— Теперь свечу надо поставить за палец, рядом с остальными. Если она плохо станет — надо вязать, а то завалятся все свечи, когда их много наставишь. Если плотно подойдут к стоящим, вязать не нужно. Вот штимки…
«Странный народ буровики, — подумал Микуль. — Все надо другими словами называть: бечевка — штимка, железная балка — палец».
Между тем Гриша давал последние советы новому верховому:
— На силу не надейся — тут все железное, силой не возьмешь, надо хитростью, головой. Видишь, элеватор, как ты называешь, «загогулина», со свечой раскачивается… Когда качнется в твою сторону — тогда и подтягивай к люльке и крепи узел каната за выемку на борту. Лови момент! Если будешь ворочать силой — положены не выдержишь. А потом привыкнешь — легче будет. А теперь попробуй сам…

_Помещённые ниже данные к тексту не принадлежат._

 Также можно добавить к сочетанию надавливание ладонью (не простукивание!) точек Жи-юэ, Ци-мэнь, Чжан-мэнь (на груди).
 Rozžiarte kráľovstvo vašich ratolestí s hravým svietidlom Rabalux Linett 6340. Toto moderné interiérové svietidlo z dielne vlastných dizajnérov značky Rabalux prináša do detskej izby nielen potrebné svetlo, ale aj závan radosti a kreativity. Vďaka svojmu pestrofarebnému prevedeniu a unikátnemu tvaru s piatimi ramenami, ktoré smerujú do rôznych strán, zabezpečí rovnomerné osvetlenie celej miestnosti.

Микуль отцепил свою первую свечу, трубу, похожую на гигантский хорей Манкв-ики, и повел ее вдоль борта. Свеча в его руках трепыхалась многопудовым стальным телом, словно живая, и не давалась в руки вчерашнему охотнику. Скользкий конец свечи он держал крепко, но середина вибрировала, ходила волнами из стороны в сторону. И, наконец, захлестнула предыдущую свечу.

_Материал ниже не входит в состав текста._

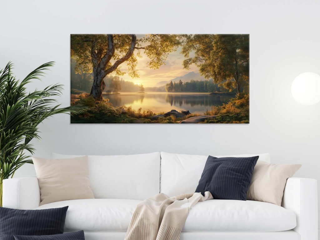 Zlatisté lúče ranného slnka osvetľujú tiché jazero, ktoré odráža okolitú prírodu ako zrkadlo. Stromy lemujúce brehy sa jemne skláňajú nad vodou, zatiaľ čo hory v pozadí dodávajú scéne majestátnosť. Atmosféra je pokojná a upokojujúca, ideálna na rozjímanie v lone prírody.
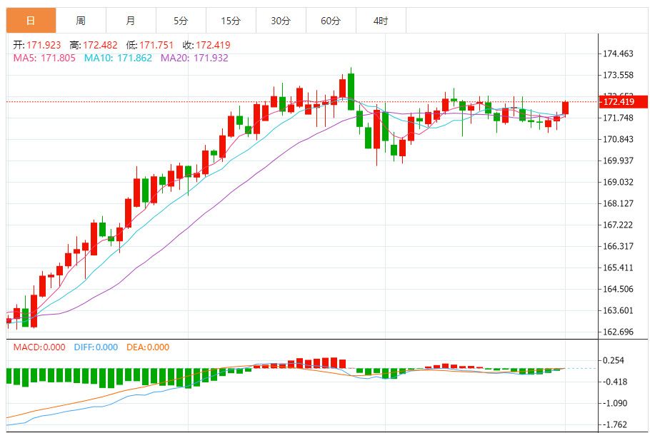 周一,欧元/日元上涨0.36%至172.458附近。 欧元方面,近期欧元区经济数据尽显复杂态势。从经济增长视角来看,欧盟委员会发布的2025年春季经济展望报告显示,由于全球贸易前景不佳、美国加征关税政策存在不确定性以及地缘政治风险等因素,2025年欧元区经济增长率从2024年秋季预测的1.3%下调至0.9%,明年的增长预期
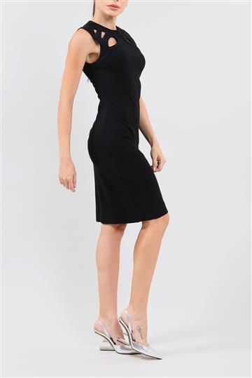 - Decote arredondado alto com recortes vazados decorativos ao redor
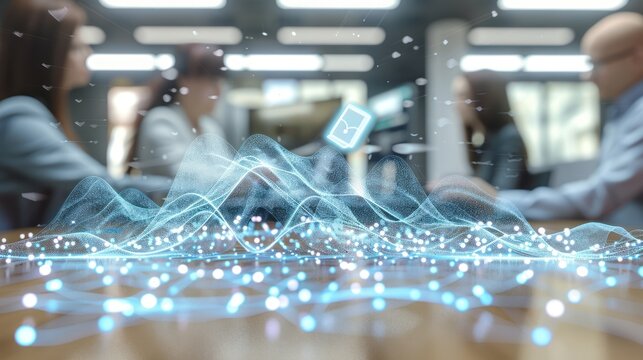 Tech professionals discussing data on transparent display
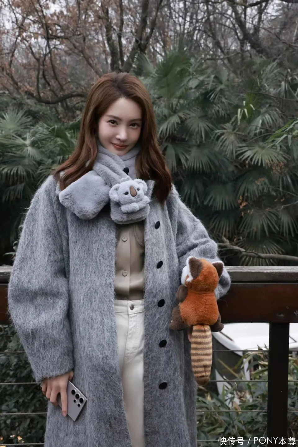 又比如她的大衣穿搭,灰色的毛绒大衣搭配毛绒围巾,内搭卡其色针织开衫和白色牛仔裤,让她尽显青春气息。
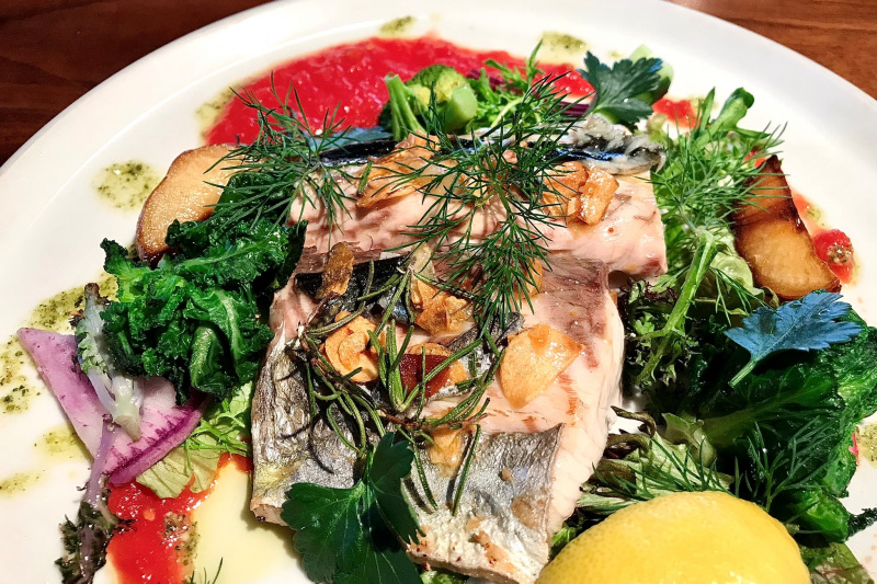 とれたての鮮魚にカラフルな鎌倉野菜をふんだんにあしらった「地魚のカルパッチョ」はシェフの特製ソースが素材の良さをいっそう引き立てる逸品。お店の薪窯でこんがり焼き上げるピッツァにも、湘南名物の釜揚げしらすや小坪産サザエが登場する、まさに小坪の海辺イタリアン。メインディッシュでは地元ならではの新鮮魚を使った「本日の魚の香草焼き」もおすすめです。

— Шайтан бы ее взял! — в сердцах выругался Микуль, чувствуя, как покрылись липкой испариной спина и виски.
— Отведи в сторону и поставь снова, — раздался за спиной спокойный Гришин голос. — Не торопись. Ну, вот, порядок! За борт не очень-то переваливайся. Смотри, когда блок идет вниз, чтобы не задел тебя.

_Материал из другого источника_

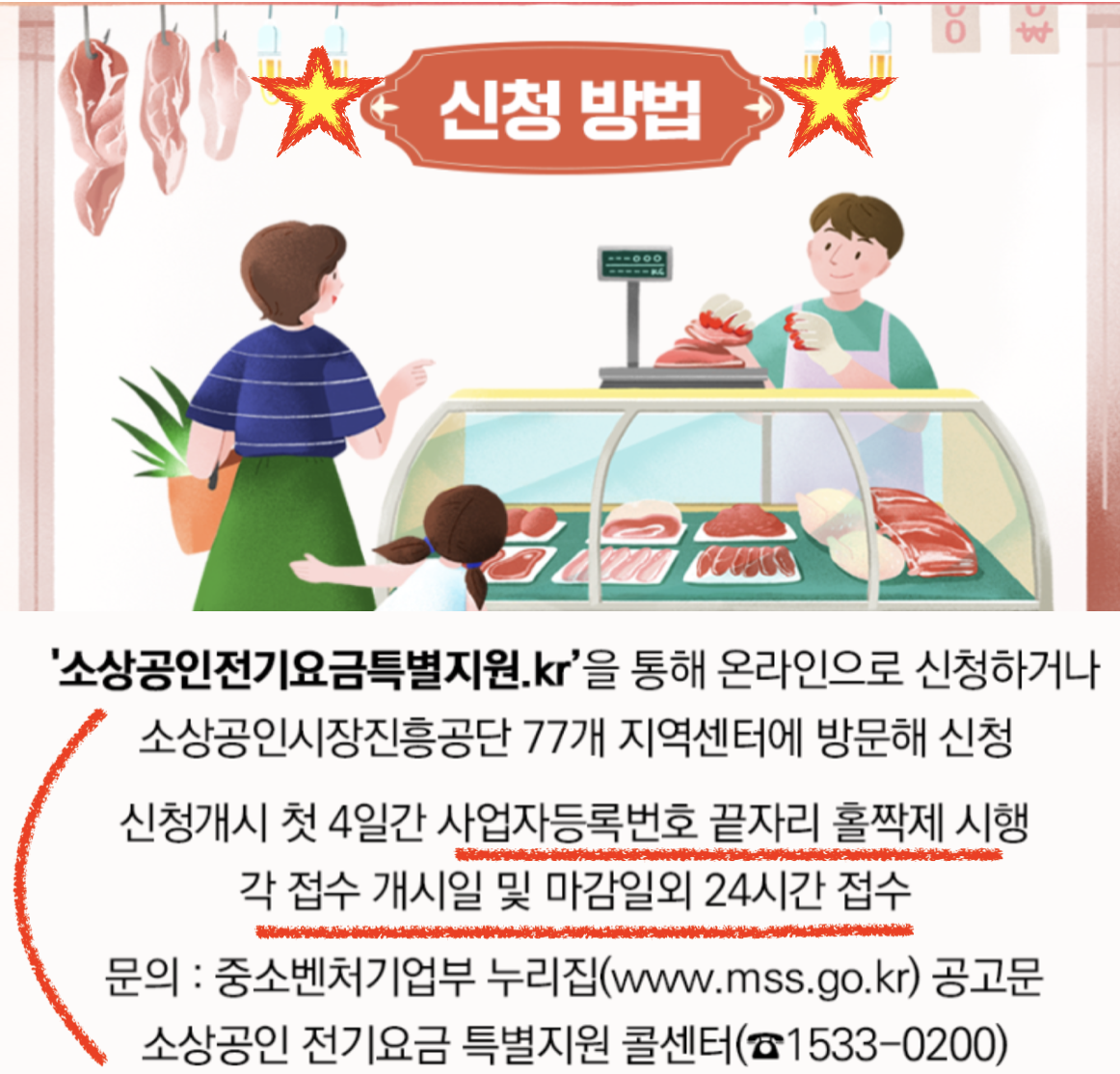 소상공인 전기요금 특별지원의 지원대상은 위와 같습니다. 개업일이 23년 12월 31일 이전이여야 하며, 연 매출액이 3000만원 이하인 영세 사업자여야 한다는 조건이 가장 필수적이며, 1인이 다수 사업체의 대표라도 그 사업체중 한곳만이 신청이 가능하며 공동대표가 운영하는 사업체라도 대표 1인만 신청할 수 있다라는 것을 잘 알고있어야할 것 같습니다.

Спокойствие Гриши передалось Микулю. Хорей Манкв-ики в его руках уже не капризничал, он поставил его на место. Перед люлькой ожидала очереди новая свеча. «Быстро подают!» — мелькнуло в сознании.
Поставил еще три свечи. После каждой облегченно вздыхал, словно после удачной добычи.
— А шея у Алексея Ивановича не болит? На каждый хорей задирает голову, — спросил Микуль.
— Это он, брат, за тобой следит, когда ты свечу снимешь и когда ему майнать или вирать надо. Когда он с опытным верховым работает, так он сюда почти не смотрит. Знает, сколько времени надо верховому, чтобы снять или вставить свечу. Вот ты с ним сработаешься, и он не будет тебе снизу показывать запорожские усы свои. В общем… слаженность в работе. А шея вряд ли болит — нефтяник старый, привычный, около двадцати лет на Севере. Так что за него не переживай…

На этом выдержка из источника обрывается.